Excerpted data below:
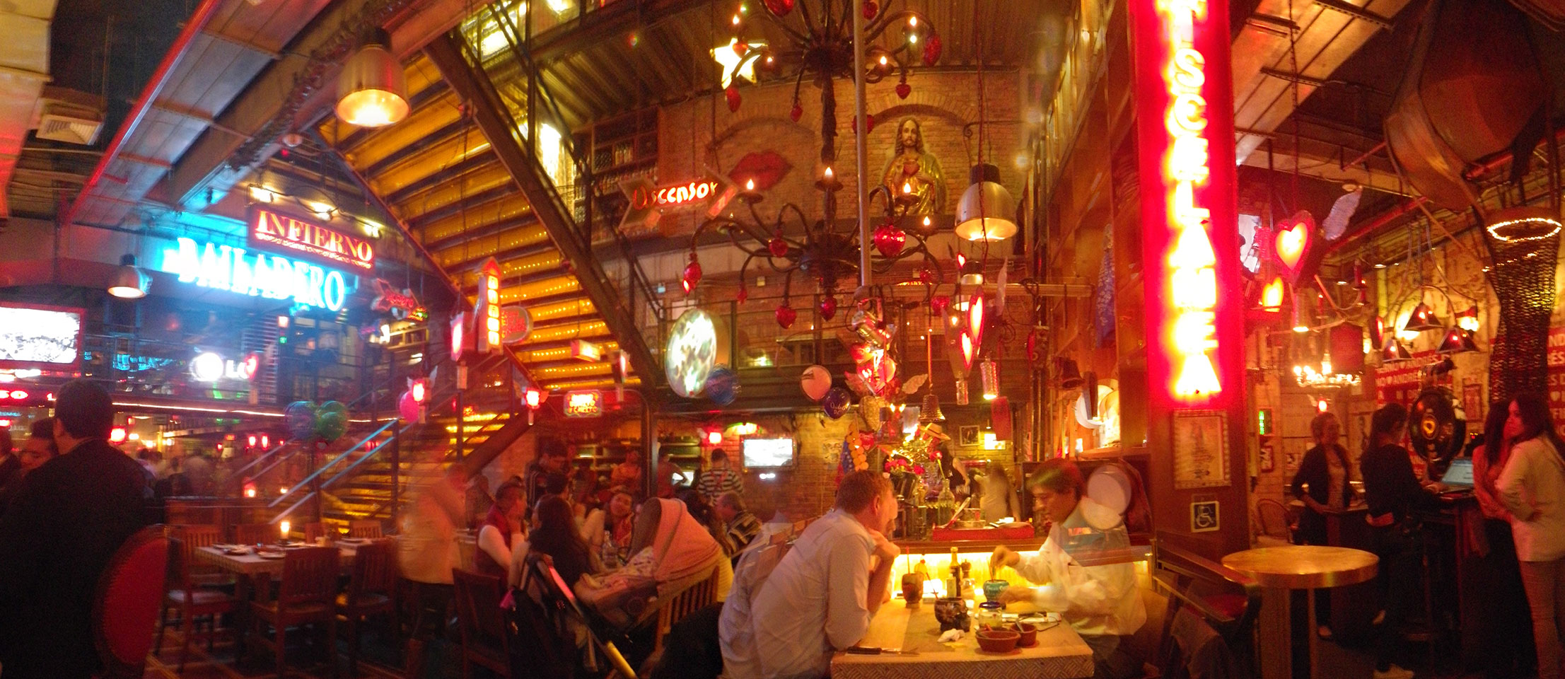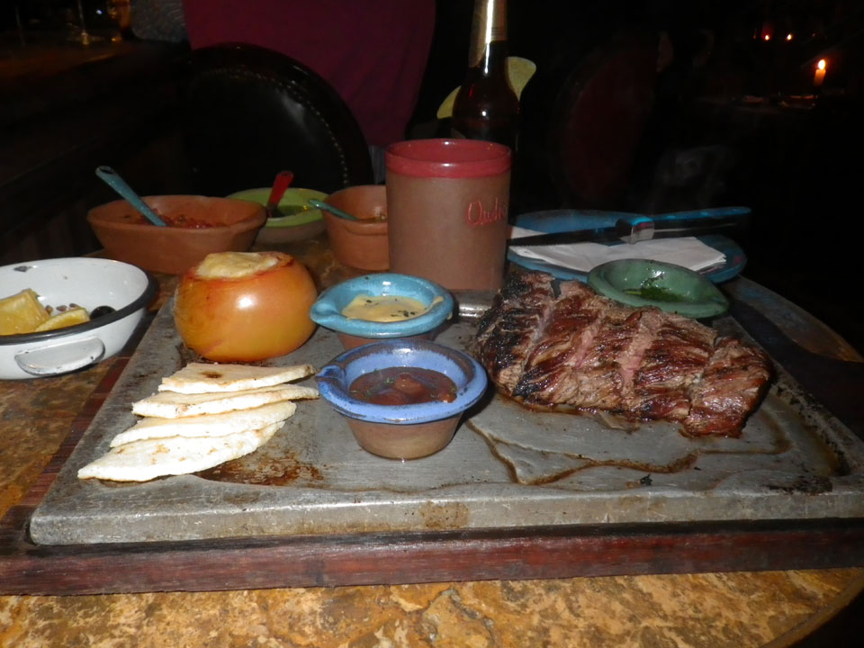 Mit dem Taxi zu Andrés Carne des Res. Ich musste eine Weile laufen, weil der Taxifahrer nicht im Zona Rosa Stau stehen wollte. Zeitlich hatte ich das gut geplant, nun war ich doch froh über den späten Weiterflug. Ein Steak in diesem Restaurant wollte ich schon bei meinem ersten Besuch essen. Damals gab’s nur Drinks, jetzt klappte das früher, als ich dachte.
End of Excerpted data.
Excerpted data below:
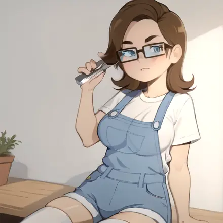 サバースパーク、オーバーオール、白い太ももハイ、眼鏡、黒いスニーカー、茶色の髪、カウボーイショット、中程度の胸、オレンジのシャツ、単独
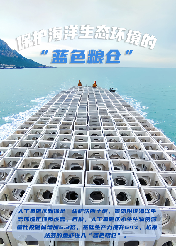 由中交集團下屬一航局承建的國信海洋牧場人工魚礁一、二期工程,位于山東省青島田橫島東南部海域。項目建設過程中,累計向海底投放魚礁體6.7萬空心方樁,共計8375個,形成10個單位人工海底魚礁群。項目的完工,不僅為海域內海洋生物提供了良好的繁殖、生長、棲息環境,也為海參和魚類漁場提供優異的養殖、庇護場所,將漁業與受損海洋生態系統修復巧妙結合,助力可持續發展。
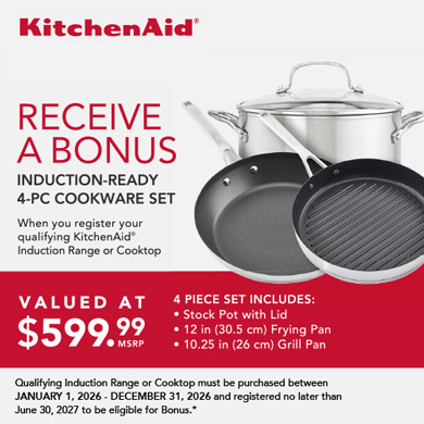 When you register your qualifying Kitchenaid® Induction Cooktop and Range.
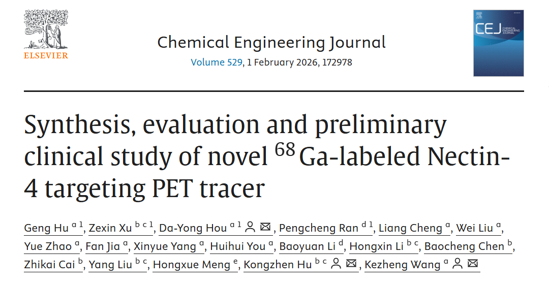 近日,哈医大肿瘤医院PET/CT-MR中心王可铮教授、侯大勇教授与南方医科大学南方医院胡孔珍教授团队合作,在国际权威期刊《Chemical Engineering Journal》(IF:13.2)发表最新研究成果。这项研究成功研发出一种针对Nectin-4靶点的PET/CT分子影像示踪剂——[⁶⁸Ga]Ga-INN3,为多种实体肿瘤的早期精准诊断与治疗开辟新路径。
End of Excerpted data.
Copy word for word only the lines above from the one with "由中交集團下屬一航局承建的國" through the one with "When you register". Leave pictures out.

- [Result of this exercise]
 由中交集團下屬一航局承建的國信海洋牧場人工魚礁一、二期工程,位于山東省青島田橫島東南部海域。項目建設過程中,累計向海底投放魚礁體6.7萬空心方樁,共計8375個,形成10個單位人工海底魚礁群。項目的完工,不僅為海域內海洋生物提供了良好的繁殖、生長、棲息環境,也為海參和魚類漁場提供優異的養殖、庇護場所,將漁業與受損海洋生態系統修復巧妙結合,助力可持續發展。
 When you register your qualifying Kitchenaid® Induction Cooktop and Range.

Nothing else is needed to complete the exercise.